PROVIDED DATA =
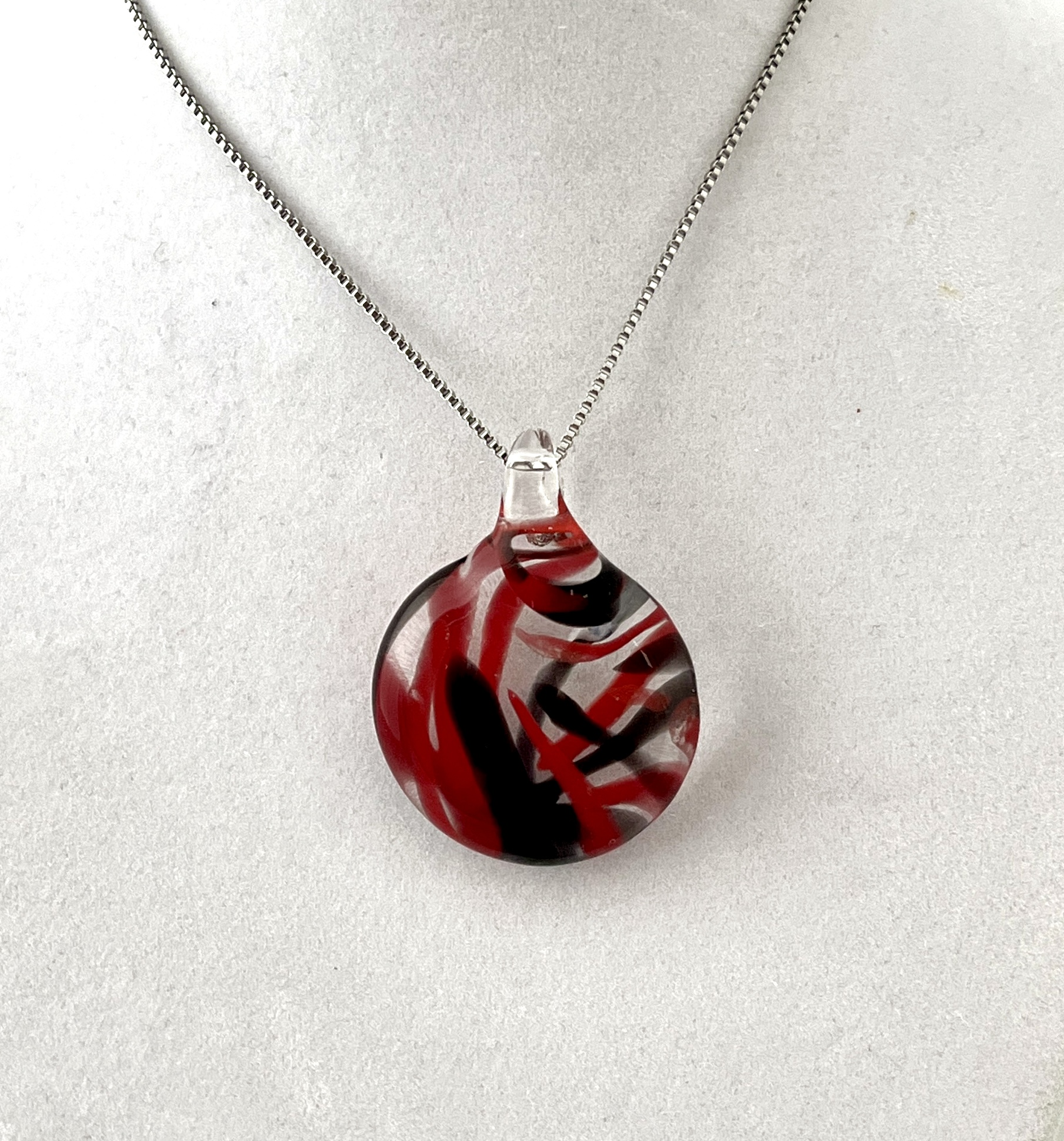 Red and black abstract pendant 1.75” H(includes bail)x1.25” W (chain included) $32
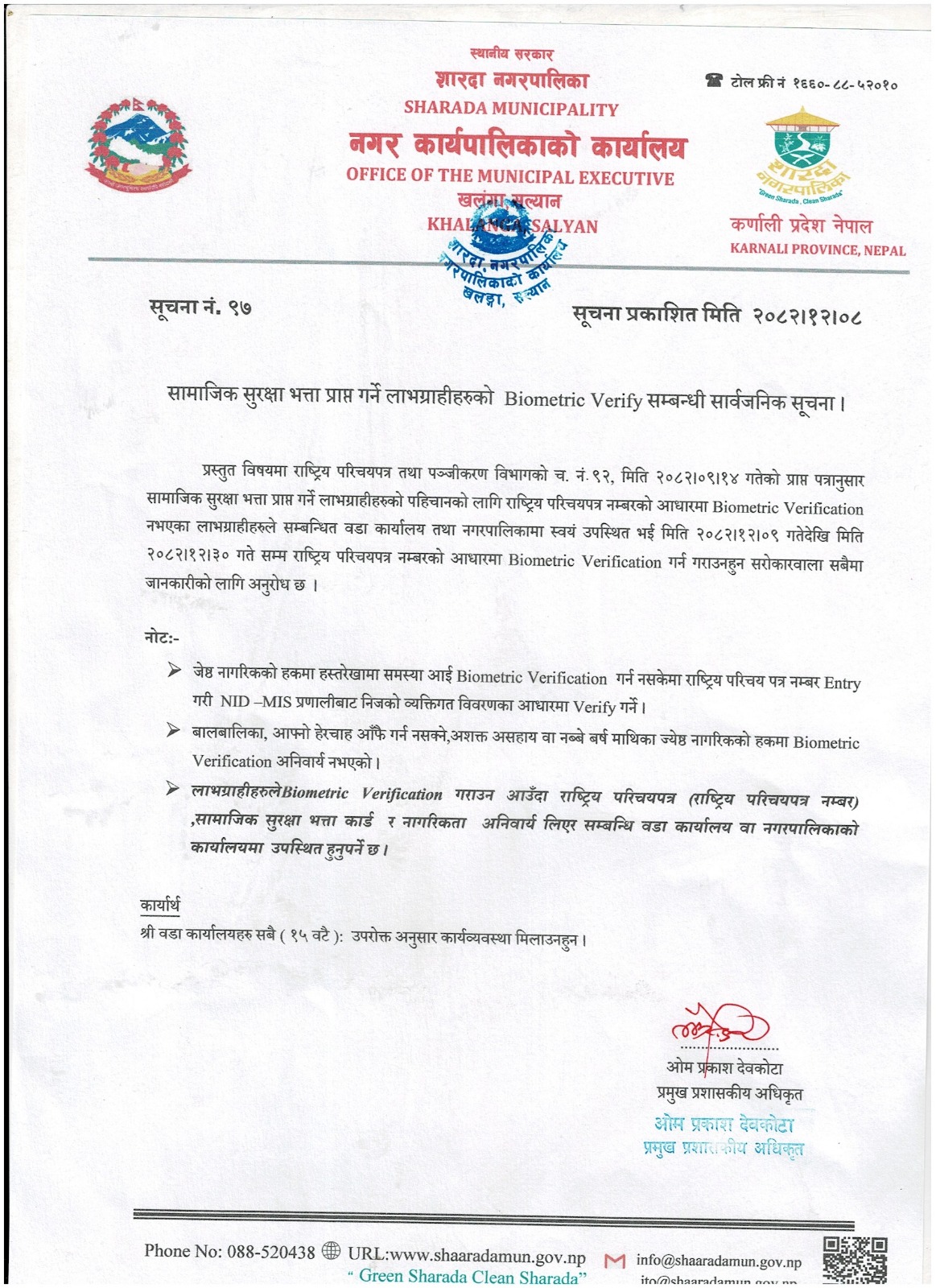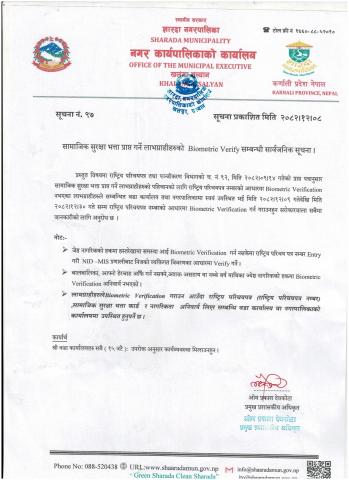 सामाजिक सुरक्षा भत्ता प्राप्त गर्ने लाभग्राहीहरुको Biometric Verify सम्बन्धी सार्वजनिक सूचना !!
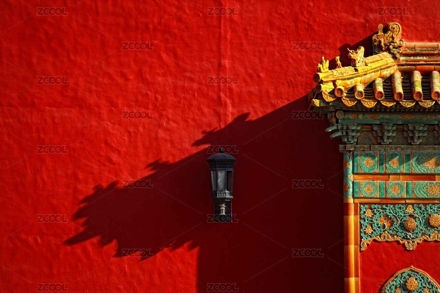 屋檐、脊兽与红色宫墙上的影子
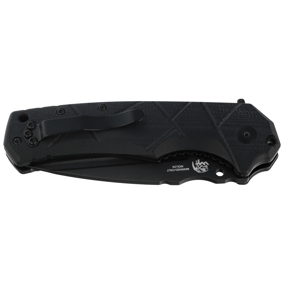 Głownia – o profilu drop point zapewnia wysoką wszechstronność użytkową — od precyzyjnego cięcia po prace wymagające dużej kontroli nad głębokością cięcia. Zastosowana stal Niolox łączy wysoką odporność na ścieranie, długotrwałą stabilność krawędzi tnącej oraz odporność na korozję, zachowując jednocześnie relatywną łatwość ostrzenia w warunkach terenowych. Twardość na poziomie 59–61 HRC zapewnia wysoką żywotność ostrza w codziennym użytkowaniu. Powierzchnię głowni pokryto czarną powłoką ochronną PVD. Otwarcie noża odbywa się za pomocą płynnie pracującego flippera na łożyskach, co pozwala na błyskawiczne i bezpieczne rozłożenie ostrza jedną ręką. Na grzbiecie zastosowano karbowane oparcie pod kciuk (jimping), poprawiające stabilność chwytu podczas precyzyjnych prac. Całość blokowana jest solidnym mechanizmem liner lock, zapewniającym pewne unieruchomienie ostrza w pozycji roboczej.

EXERCISE = Print, word for word, the lines above that run from the line containing "सामाजिक सुरक्षा भत्ता" to the line containing "屋檐、脊兽与红色宫墙上的影子", both included. Keep the pictures out.

RESPONSE BOX =
 सामाजिक सुरक्षा भत्ता प्राप्त गर्ने लाभग्राहीहरुको Biometric Verify सम्बन्धी सार्वजनिक सूचना !!
 屋檐、脊兽与红色宫墙上的影子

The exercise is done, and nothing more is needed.